### Given information
:::
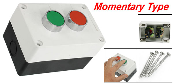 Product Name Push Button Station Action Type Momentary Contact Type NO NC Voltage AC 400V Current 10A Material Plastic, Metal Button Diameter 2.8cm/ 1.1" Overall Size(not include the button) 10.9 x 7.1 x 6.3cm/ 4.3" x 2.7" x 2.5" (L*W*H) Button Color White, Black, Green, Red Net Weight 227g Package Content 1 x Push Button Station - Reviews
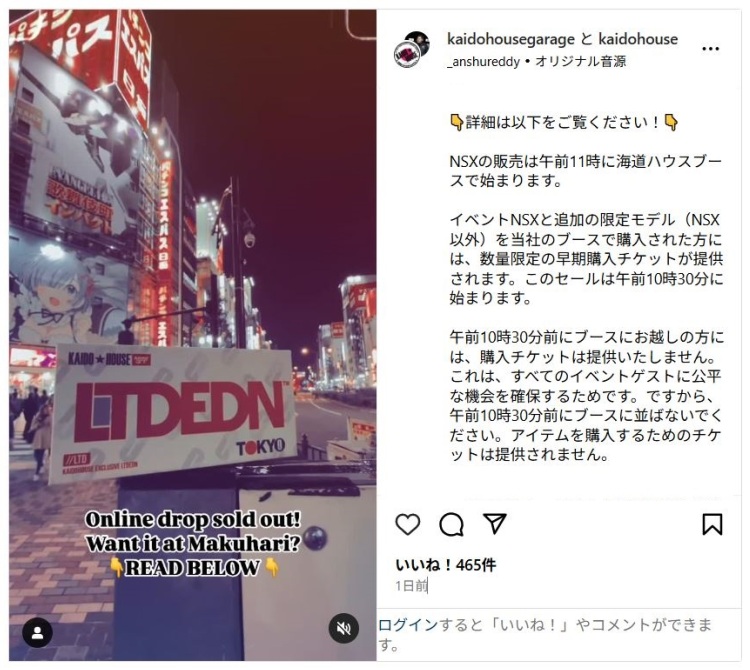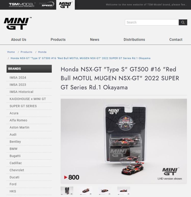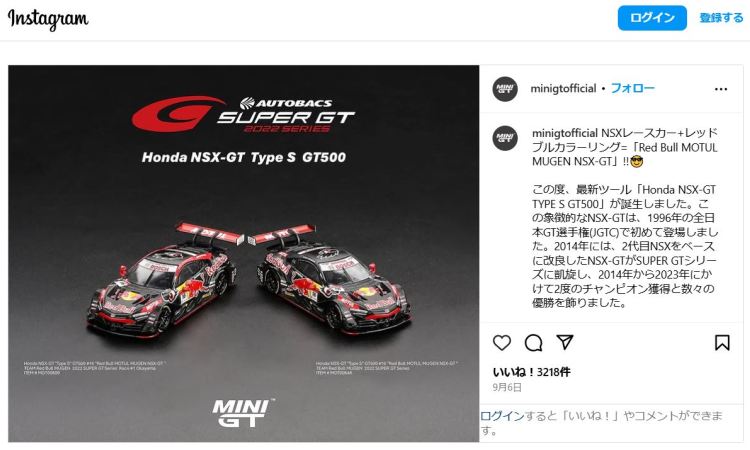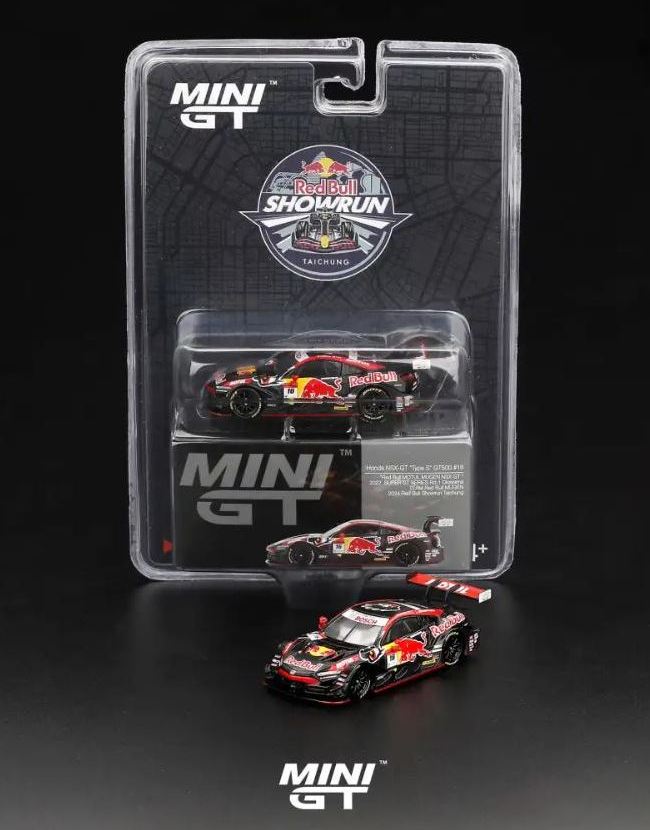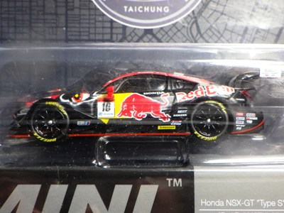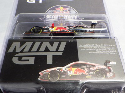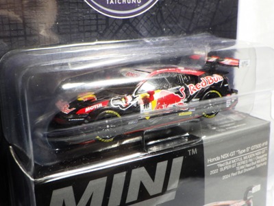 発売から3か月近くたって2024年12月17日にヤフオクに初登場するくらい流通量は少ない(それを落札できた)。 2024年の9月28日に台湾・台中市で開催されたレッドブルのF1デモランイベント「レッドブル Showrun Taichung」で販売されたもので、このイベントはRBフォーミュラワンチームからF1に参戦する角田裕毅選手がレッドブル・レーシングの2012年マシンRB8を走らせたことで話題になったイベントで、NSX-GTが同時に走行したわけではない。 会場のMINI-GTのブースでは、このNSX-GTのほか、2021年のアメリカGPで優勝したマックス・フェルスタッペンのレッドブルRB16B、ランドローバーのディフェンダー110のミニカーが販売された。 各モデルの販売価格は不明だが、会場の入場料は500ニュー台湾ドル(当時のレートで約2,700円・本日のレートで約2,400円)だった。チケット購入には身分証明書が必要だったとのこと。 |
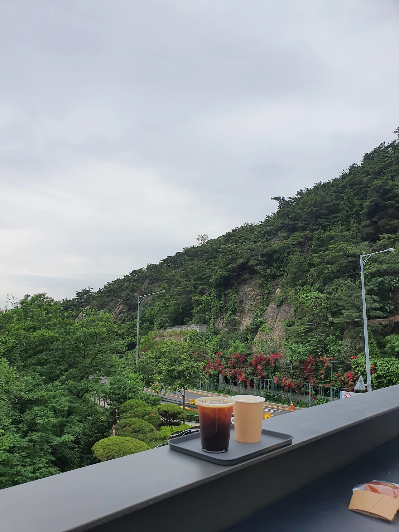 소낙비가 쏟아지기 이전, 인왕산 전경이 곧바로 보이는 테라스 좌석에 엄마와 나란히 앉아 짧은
:::
### What this task involves
Return the lines of the data above in full and exactly, with no pictures.

### Task result
 Product Name Push Button Station Action Type Momentary Contact Type NO NC Voltage AC 400V Current 10A Material Plastic, Metal Button Diameter 2.8cm/ 1.1" Overall Size(not include the button) 10.9 x 7.1 x 6.3cm/ 4.3" x 2.7" x 2.5" (L*W*H) Button Color White, Black, Green, Red Net Weight 227g Package Content 1 x Push Button Station - Reviews
 発売から3か月近くたって2024年12月17日にヤフオクに初登場するくらい流通量は少ない(それを落札できた)。 2024年の9月28日に台湾・台中市で開催されたレッドブルのF1デモランイベント「レッドブル Showrun Taichung」で販売されたもので、このイベントはRBフォーミュラワンチームからF1に参戦する角田裕毅選手がレッドブル・レーシングの2012年マシンRB8を走らせたことで話題になったイベントで、NSX-GTが同時に走行したわけではない。 会場のMINI-GTのブースでは、このNSX-GTのほか、2021年のアメリカGPで優勝したマックス・フェルスタッペンのレッドブルRB16B、ランドローバーのディフェンダー110のミニカーが販売された。 各モデルの販売価格は不明だが、会場の入場料は500ニュー台湾ドル(当時のレートで約2,700円・本日のレートで約2,400円)だった。チケット購入には身分証明書が必要だったとのこと。 |
 소낙비가 쏟아지기 이전, 인왕산 전경이 곧바로 보이는 테라스 좌석에 엄마와 나란히 앉아 짧은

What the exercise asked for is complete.